Waterberging Noordwaard
Redenen waarom er zogeheten waterbergingen zijn aangelegd om het rivierwater de ruimte te geven. Zo kan het waterpeil van de Volkerak tijdelijk worden verhoogd om als buffer te fungeren, en is ook de Noordwaard van de Brabantse Biesbosch ingericht als waterberging. Daarvoor was nodig dat de Noordwaard ‘ontpolderd’ werd. Vergelijkbaar met uiterwaarden langs rivierbeddingen. De polder is een overloopgebied geworden, in beginsel zal de Noordwaard vollopen vanuit de kreken en geulen in open verbinding met de Amer, maar bij hogere waterstanden zal het gebied vollopen via openingen in de Bandijk langs de Nieuwe Merwede. Volgens de ‘kansberekening’ opgemaakt in 2010 zou dit laatste zich gemiddeld eenmaal per jaar voordoen. Een de kans op een volledig ondergelopen gebied werd in 2010 geschat op 0,1% per jaar. Wellicht dat deze cijfers inmiddels bijgesteld zijn.
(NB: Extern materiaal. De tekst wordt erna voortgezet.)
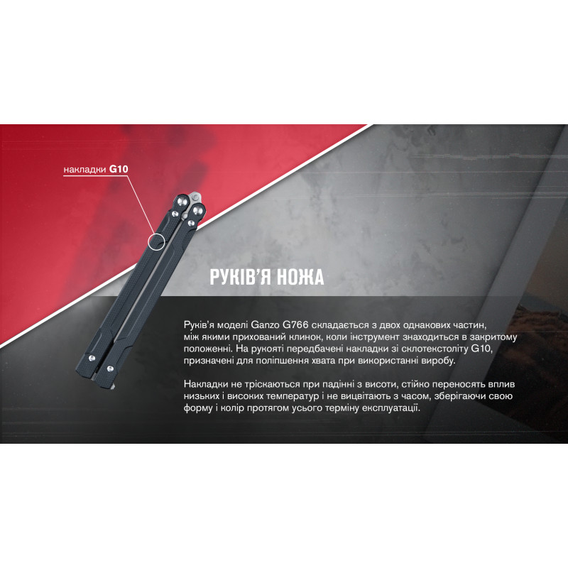 Рукоять, що складається з двох однакових частин, є відмінною рисою балісонгів. Така конструкція дозволяє швидко і ефектно розкрити інструмент менш ніж за секунду. Ніж Ganzo G766 має характерні накладки G10, що мають приємну на дотик шорстку поверхню. Колір накладок може відрізнятися в залежності від моделі, але вони надовго зберігають свій яскравий колір і можуть використовуватися в жорстких умовах. Даний матеріал не сприйнятливий до екстремальних температур і зберігає свою первісну форму, яка продумана таким чином, щоб комфортно лежати в долоні будь-якого розміру.
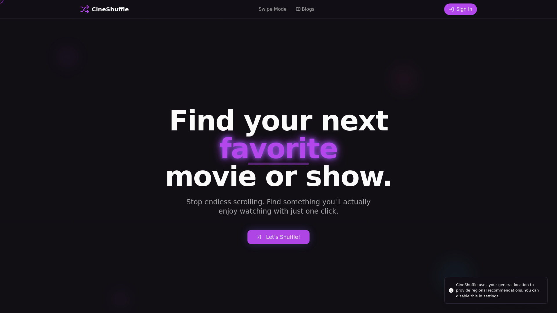 One-click movie/series matchmaker providing mood-based recommendations using AI.

Gemiddelde waterstanden in de Noordwaard
Dagelijks 40 – 70 cm + NAP
100 dagen per jaar 70 – 120 cm + NAP
30 dagen per jaar 135 cm + NAP
Eens per jaar 200 cm + NAP
Kans van 1 % per jaar 240 cm + NAP
Kans van 0,1 % per jaar 290 cm + NAP
Normaal Amsterdams Peil
NAP is een ijkpunt in het horizontale vlak en staat voor Normaal Amsterdams Peil, en komt (vooralsnog) overeen met de gemiddelde waterhoogte in de Noordzee. Bij een stijgende gemiddelde zeespiegel zal NAP dus op termijn beneden zeeniveau komen te liggen. Mogelijk dat het vlak van NAP dan aangepast zal worden, maar dat betekent dat alle peilschalen en alle aanduidingen van hoogten en diepten ter plekke en in (digitale) kaarten en boekwerken aangepast dienen te worden. Eenvoudiger is het te zeggen dat de zeespiegel tot zoveel centimeter boven NAP is gestegen …
Vooralsnog, het laagste punt van Nederland ligt in de Prins Alexander Polder bij Rotterdam op – 674 cm onder NAP. De waterstand in het IJsselmeer wordt in de zomer gehouden op – 10 tot – 30 cm NAP. In de winter is het streefpeil voor het IJsselmeer – 25 cm NAP. Dit betekent dat er alleen bij eb, wanneer het zeewater lager staat dan aan de IJsselmeerzijde water gespuid kan door keer- of spui- of uitwateringssluizen te openen.
Waarom de waterberging in de Biesbosch?
De aangelegde waterberging cq het overloopgebied in de Noordwaard van de Biesbosch is in het bijzonder aangelegd voor de veiligheid van Gorinchem gelegen aan de Boven Merwede, en van Boven- en Beneden Hardinxveld. In 1995 heeft het water in de rivier dusdanig hoog gestaan dat bewoners van Gorinchem-Oost en Boven Hardinxveld hun huizen en bedrijven hebben moeten verlaten op last van de autoriteiten.